Working data section start

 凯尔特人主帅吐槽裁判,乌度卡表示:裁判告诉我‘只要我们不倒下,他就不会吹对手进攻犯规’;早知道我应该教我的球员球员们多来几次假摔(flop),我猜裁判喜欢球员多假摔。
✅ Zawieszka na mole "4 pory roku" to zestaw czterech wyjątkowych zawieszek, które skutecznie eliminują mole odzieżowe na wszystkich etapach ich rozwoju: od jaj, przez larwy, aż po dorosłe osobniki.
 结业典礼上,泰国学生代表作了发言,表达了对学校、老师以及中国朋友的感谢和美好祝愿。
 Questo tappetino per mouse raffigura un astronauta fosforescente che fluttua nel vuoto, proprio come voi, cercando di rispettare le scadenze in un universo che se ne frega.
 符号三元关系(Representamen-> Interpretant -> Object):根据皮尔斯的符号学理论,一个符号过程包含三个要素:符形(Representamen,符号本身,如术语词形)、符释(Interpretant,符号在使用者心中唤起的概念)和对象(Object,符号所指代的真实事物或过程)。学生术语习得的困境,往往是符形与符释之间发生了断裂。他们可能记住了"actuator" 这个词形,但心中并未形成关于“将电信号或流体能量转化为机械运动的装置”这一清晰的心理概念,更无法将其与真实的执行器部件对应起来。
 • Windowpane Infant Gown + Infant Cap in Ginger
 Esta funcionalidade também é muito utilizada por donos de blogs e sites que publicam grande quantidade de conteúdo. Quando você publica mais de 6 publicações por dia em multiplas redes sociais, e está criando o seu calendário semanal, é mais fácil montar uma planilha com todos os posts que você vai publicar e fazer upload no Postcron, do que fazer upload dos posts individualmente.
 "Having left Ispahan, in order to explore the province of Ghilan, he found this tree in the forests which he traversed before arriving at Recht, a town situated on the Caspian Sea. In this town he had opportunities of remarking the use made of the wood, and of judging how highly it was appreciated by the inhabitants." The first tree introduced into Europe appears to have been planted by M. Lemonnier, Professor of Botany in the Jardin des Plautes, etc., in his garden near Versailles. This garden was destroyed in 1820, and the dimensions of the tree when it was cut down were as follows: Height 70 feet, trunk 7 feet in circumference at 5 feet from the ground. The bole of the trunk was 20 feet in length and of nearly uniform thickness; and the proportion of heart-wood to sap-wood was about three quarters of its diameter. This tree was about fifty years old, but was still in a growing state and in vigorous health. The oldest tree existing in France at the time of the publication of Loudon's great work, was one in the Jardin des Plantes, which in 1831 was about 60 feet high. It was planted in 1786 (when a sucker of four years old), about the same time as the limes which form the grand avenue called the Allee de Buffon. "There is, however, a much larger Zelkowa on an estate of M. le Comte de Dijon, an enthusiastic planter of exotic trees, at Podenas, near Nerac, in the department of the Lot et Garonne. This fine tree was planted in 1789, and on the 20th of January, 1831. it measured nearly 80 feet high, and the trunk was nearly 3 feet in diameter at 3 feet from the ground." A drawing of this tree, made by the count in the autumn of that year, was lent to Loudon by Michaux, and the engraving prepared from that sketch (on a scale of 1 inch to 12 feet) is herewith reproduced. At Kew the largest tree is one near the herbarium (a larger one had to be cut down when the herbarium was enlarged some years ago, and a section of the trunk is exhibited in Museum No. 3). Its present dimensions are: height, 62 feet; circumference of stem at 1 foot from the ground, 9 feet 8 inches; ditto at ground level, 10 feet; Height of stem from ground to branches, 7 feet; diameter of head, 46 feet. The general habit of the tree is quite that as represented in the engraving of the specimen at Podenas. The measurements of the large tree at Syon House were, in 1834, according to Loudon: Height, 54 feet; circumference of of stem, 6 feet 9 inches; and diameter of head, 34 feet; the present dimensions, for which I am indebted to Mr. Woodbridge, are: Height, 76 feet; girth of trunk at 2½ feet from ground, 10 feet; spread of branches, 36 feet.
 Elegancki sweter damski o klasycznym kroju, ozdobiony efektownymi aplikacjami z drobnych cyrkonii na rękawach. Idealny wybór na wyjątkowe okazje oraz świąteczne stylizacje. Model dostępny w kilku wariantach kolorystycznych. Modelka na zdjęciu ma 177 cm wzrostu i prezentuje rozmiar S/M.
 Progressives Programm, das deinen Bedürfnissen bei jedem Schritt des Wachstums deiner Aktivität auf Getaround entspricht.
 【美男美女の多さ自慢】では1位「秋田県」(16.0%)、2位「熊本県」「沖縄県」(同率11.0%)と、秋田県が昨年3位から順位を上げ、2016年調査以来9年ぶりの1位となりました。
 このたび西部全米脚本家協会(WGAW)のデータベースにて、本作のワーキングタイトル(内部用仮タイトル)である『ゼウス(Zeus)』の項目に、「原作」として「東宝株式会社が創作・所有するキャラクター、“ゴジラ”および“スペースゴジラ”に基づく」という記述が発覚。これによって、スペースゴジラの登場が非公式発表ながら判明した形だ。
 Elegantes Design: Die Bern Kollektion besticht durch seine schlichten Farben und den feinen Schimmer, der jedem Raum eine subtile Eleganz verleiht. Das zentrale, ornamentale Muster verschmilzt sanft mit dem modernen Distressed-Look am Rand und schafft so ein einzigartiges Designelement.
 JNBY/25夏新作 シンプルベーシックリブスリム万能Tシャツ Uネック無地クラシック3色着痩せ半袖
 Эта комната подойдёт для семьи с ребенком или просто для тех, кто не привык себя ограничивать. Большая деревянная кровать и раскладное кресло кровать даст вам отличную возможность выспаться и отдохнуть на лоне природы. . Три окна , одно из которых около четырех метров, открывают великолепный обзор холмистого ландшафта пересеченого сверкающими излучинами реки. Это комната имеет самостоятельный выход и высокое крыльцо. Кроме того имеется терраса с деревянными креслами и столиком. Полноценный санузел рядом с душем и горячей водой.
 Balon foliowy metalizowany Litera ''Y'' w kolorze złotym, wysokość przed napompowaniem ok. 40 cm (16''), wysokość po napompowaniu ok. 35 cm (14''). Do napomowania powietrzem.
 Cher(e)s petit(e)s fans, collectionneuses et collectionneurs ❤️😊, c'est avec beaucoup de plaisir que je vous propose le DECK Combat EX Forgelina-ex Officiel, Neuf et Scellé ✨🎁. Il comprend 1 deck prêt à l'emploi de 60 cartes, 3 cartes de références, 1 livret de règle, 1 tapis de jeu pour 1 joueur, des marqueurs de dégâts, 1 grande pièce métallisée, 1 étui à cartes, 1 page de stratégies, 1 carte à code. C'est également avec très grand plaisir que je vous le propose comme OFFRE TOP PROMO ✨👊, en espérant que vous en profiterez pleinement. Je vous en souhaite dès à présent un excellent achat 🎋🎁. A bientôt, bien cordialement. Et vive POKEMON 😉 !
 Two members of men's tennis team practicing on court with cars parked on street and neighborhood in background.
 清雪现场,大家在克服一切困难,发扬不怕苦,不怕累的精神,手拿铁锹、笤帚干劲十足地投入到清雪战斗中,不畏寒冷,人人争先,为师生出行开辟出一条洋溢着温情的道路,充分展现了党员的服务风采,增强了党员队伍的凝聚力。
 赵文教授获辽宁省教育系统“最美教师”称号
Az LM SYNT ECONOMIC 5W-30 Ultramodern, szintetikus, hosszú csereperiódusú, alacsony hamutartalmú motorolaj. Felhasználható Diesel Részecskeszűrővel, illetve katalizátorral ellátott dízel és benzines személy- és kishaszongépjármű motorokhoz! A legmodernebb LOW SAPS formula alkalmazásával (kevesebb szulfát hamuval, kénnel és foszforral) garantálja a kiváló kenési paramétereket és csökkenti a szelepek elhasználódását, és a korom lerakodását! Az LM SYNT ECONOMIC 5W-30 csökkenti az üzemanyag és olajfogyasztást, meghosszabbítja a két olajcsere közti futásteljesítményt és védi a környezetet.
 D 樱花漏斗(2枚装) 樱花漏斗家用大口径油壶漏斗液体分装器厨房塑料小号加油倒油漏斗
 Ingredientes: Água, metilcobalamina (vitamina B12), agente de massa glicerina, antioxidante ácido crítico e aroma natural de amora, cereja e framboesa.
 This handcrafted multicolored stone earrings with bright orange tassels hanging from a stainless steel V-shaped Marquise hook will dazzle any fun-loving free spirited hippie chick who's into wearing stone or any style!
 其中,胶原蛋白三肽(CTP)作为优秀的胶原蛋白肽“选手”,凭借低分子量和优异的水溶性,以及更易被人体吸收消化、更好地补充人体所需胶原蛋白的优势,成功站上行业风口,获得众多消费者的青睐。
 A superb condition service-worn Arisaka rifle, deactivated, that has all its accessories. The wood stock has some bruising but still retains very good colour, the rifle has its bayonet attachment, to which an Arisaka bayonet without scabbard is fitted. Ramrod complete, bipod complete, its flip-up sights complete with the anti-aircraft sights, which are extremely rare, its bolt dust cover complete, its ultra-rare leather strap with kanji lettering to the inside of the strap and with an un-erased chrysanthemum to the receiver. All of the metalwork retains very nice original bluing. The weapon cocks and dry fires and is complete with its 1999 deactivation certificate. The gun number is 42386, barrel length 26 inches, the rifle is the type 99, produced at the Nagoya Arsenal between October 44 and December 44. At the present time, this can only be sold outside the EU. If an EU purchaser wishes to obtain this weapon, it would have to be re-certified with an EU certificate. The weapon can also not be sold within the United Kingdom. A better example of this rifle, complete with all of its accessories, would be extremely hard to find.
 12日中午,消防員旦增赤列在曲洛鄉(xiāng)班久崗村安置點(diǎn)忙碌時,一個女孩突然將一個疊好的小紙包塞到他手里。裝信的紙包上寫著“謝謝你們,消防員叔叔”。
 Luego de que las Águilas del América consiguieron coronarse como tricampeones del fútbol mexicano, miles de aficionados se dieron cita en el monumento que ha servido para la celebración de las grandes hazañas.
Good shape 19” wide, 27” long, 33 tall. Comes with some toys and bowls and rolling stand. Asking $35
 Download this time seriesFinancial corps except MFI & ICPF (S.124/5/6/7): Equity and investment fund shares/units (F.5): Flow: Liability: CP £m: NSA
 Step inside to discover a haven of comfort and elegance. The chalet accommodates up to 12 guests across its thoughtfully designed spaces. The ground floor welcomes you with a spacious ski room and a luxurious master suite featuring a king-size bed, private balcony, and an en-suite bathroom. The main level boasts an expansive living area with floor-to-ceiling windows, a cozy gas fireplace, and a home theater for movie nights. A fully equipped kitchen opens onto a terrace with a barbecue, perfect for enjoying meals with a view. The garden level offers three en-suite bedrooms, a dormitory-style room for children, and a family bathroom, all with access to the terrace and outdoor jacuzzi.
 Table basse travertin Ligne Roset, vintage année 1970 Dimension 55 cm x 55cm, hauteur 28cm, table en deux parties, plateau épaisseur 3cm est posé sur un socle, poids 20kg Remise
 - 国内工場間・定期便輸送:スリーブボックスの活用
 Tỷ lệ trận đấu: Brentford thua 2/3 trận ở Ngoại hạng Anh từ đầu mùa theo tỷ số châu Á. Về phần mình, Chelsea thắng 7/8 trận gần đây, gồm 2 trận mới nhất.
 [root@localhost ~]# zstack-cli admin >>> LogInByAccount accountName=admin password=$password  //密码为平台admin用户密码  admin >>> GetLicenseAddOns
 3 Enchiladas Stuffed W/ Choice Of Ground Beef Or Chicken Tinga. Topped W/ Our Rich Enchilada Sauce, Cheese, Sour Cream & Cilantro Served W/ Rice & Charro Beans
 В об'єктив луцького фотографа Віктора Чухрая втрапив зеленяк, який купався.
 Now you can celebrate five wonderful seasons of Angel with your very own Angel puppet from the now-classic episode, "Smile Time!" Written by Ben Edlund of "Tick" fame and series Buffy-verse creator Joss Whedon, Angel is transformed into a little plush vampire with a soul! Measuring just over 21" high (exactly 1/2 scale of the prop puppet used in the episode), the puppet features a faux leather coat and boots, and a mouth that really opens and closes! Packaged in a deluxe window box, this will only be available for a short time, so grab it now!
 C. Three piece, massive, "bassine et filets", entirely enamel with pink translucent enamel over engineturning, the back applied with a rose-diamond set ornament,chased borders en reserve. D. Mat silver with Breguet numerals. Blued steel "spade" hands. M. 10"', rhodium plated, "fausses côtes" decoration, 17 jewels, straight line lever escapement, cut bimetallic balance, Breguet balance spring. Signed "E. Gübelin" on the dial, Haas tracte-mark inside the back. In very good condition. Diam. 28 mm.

Working data section end

▸ Exercise instructions
Please retype the listing word for word, from its first line through the line containing "Cap in Ginger", and add nothing else.

▸ Solution for this exercise
 凯尔特人主帅吐槽裁判,乌度卡表示:裁判告诉我‘只要我们不倒下,他就不会吹对手进攻犯规’;早知道我应该教我的球员球员们多来几次假摔(flop),我猜裁判喜欢球员多假摔。
✅ Zawieszka na mole "4 pory roku" to zestaw czterech wyjątkowych zawieszek, które skutecznie eliminują mole odzieżowe na wszystkich etapach ich rozwoju: od jaj, przez larwy, aż po dorosłe osobniki.
 结业典礼上,泰国学生代表作了发言,表达了对学校、老师以及中国朋友的感谢和美好祝愿。
 Questo tappetino per mouse raffigura un astronauta fosforescente che fluttua nel vuoto, proprio come voi, cercando di rispettare le scadenze in un universo che se ne frega.
 符号三元关系(Representamen-> Interpretant -> Object):根据皮尔斯的符号学理论,一个符号过程包含三个要素:符形(Representamen,符号本身,如术语词形)、符释(Interpretant,符号在使用者心中唤起的概念)和对象(Object,符号所指代的真实事物或过程)。学生术语习得的困境,往往是符形与符释之间发生了断裂。他们可能记住了"actuator" 这个词形,但心中并未形成关于“将电信号或流体能量转化为机械运动的装置”这一清晰的心理概念,更无法将其与真实的执行器部件对应起来。
 • Windowpane Infant Gown + Infant Cap in Ginger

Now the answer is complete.